**What you are asked to do**
Images within the entries are to be omitted; the remainder must be reproduced exactly.

Data extracts: Begin

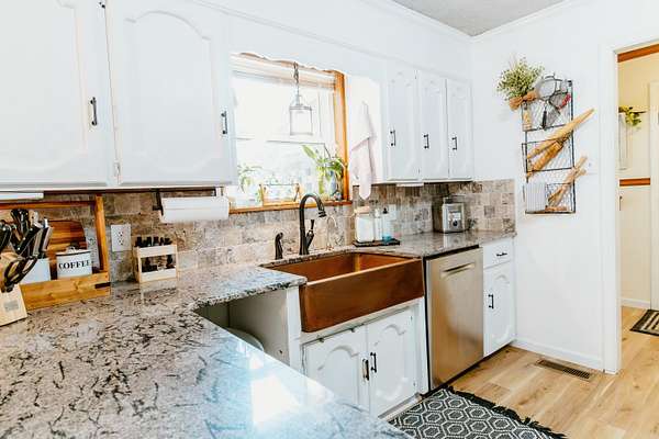 Welcome to this beautiful 4/3 home sitting on 2.2 acres. This home has everything you need. Large living room with one of a kind wood burning stove great for winter nights and entertaining. Spacious kitchen with granite countertops, 6 year old appliances, a beautiful copper farm sink, separate pantry and plenty of cabinets. The kitchen also has a breakfast bar area and opens into a good size dining area. 3 bedrooms upstairs allows for plenty of choices and the primary bath sports a nice walk-in shower. The basement is a great place for a mother-in-laws suite that includes a small living area, full bath with walk-in shower and lots of closet space. The back porch stretches across the back of the house with lots of room for outside entertaining. There is a 12X32 shop and 2 smaller out buildings that convey with the property as well as a tree house.
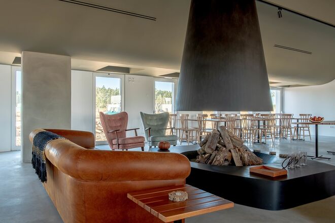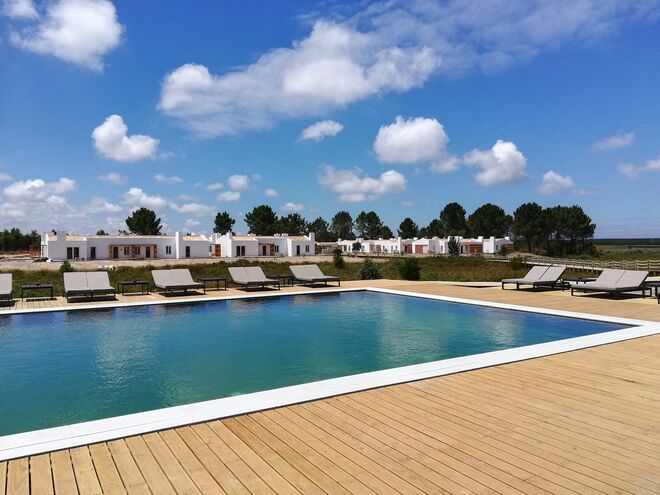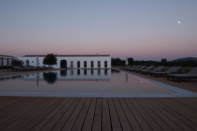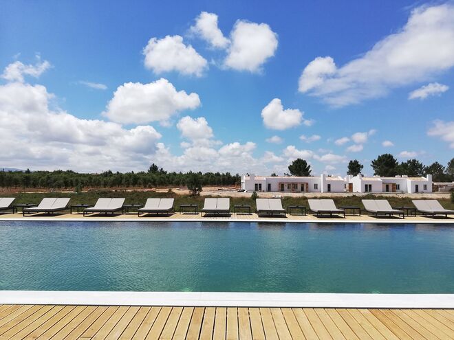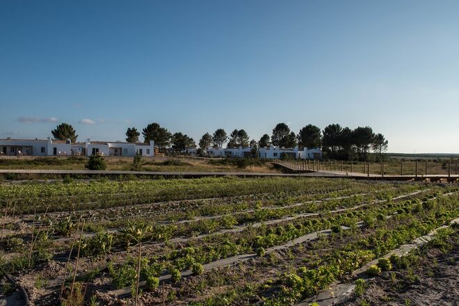 Logo à entrada deparamo-nos com o restaurante, com um conceito farm-to-table, com cozinha regional e saudável, e ingredientes da horta. Tiago Silva Dias (o arquiteto que desenhou os restaurantes Alma e Tapisco, ambos do chef Henrique Sá Pessoa, em Lisboa) foi o responsável pelo projeto que conta ainda com três piscinas, um centro de bem-estar, com uma sauna revestida com cortiça, uma zona zen, com espaço para massagem, banho turco e jacuzzi interior. Há também um ginásio para quem não dispensa a prática desportiva, mesmo nas férias.
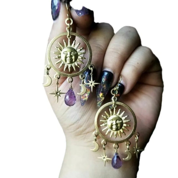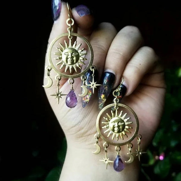 Sun-face earrings with moon and star amethyst-style drops bring mystical, boho magic to festival and night looks.
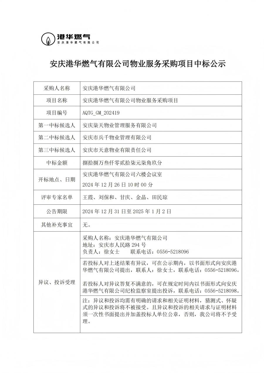 安慶港華燃?xì)庥邢薰疚飿I(yè)服務(wù)采購項(xiàng)目中標(biāo)公示
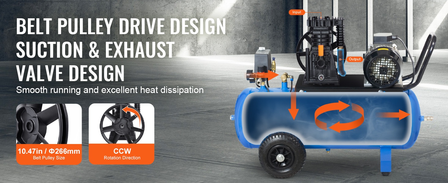 Öljyvoideltu mäntäkompressoripää käyttää hihnakäyttöä, joka tukee tehokasta kompressiota ja pehmeää käyntiä. Rakenne parantaa lämmönpoistoa, pidentää käyttöikää ja auttaa säilyttämään suorituskyvyn pitkällä aikavälillä.
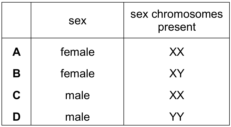 In humans, sex determination is chromosomal. Females have two X chromosomes (XX) in their body cells, while males have one X and one Y chromosome (XY). The Y chromosome carries the SRY gene, which triggers male development. A YY combination is not viable in humans, as essential genes are located on the X chromosome. Therefore, only option A correctly matches the female sex with the XX chromosome pair.

Data extracts: End

**Your solution**
 Welcome to this beautiful 4/3 home sitting on 2.2 acres. This home has everything you need. Large living room with one of a kind wood burning stove great for winter nights and entertaining. Spacious kitchen with granite countertops, 6 year old appliances, a beautiful copper farm sink, separate pantry and plenty of cabinets. The kitchen also has a breakfast bar area and opens into a good size dining area. 3 bedrooms upstairs allows for plenty of choices and the primary bath sports a nice walk-in shower. The basement is a great place for a mother-in-laws suite that includes a small living area, full bath with walk-in shower and lots of closet space. The back porch stretches across the back of the house with lots of room for outside entertaining. There is a 12X32 shop and 2 smaller out buildings that convey with the property as well as a tree house.
 Logo à entrada deparamo-nos com o restaurante, com um conceito farm-to-table, com cozinha regional e saudável, e ingredientes da horta. Tiago Silva Dias (o arquiteto que desenhou os restaurantes Alma e Tapisco, ambos do chef Henrique Sá Pessoa, em Lisboa) foi o responsável pelo projeto que conta ainda com três piscinas, um centro de bem-estar, com uma sauna revestida com cortiça, uma zona zen, com espaço para massagem, banho turco e jacuzzi interior. Há também um ginásio para quem não dispensa a prática desportiva, mesmo nas férias.
 Sun-face earrings with moon and star amethyst-style drops bring mystical, boho magic to festival and night looks.
 安慶港華燃?xì)庥邢薰疚飿I(yè)服務(wù)采購項(xiàng)目中標(biāo)公示
 Öljyvoideltu mäntäkompressoripää käyttää hihnakäyttöä, joka tukee tehokasta kompressiota ja pehmeää käyntiä. Rakenne parantaa lämmönpoistoa, pidentää käyttöikää ja auttaa säilyttämään suorituskyvyn pitkällä aikavälillä.
 In humans, sex determination is chromosomal. Females have two X chromosomes (XX) in their body cells, while males have one X and one Y chromosome (XY). The Y chromosome carries the SRY gene, which triggers male development. A YY combination is not viable in humans, as essential genes are located on the X chromosome. Therefore, only option A correctly matches the female sex with the XX chromosome pair.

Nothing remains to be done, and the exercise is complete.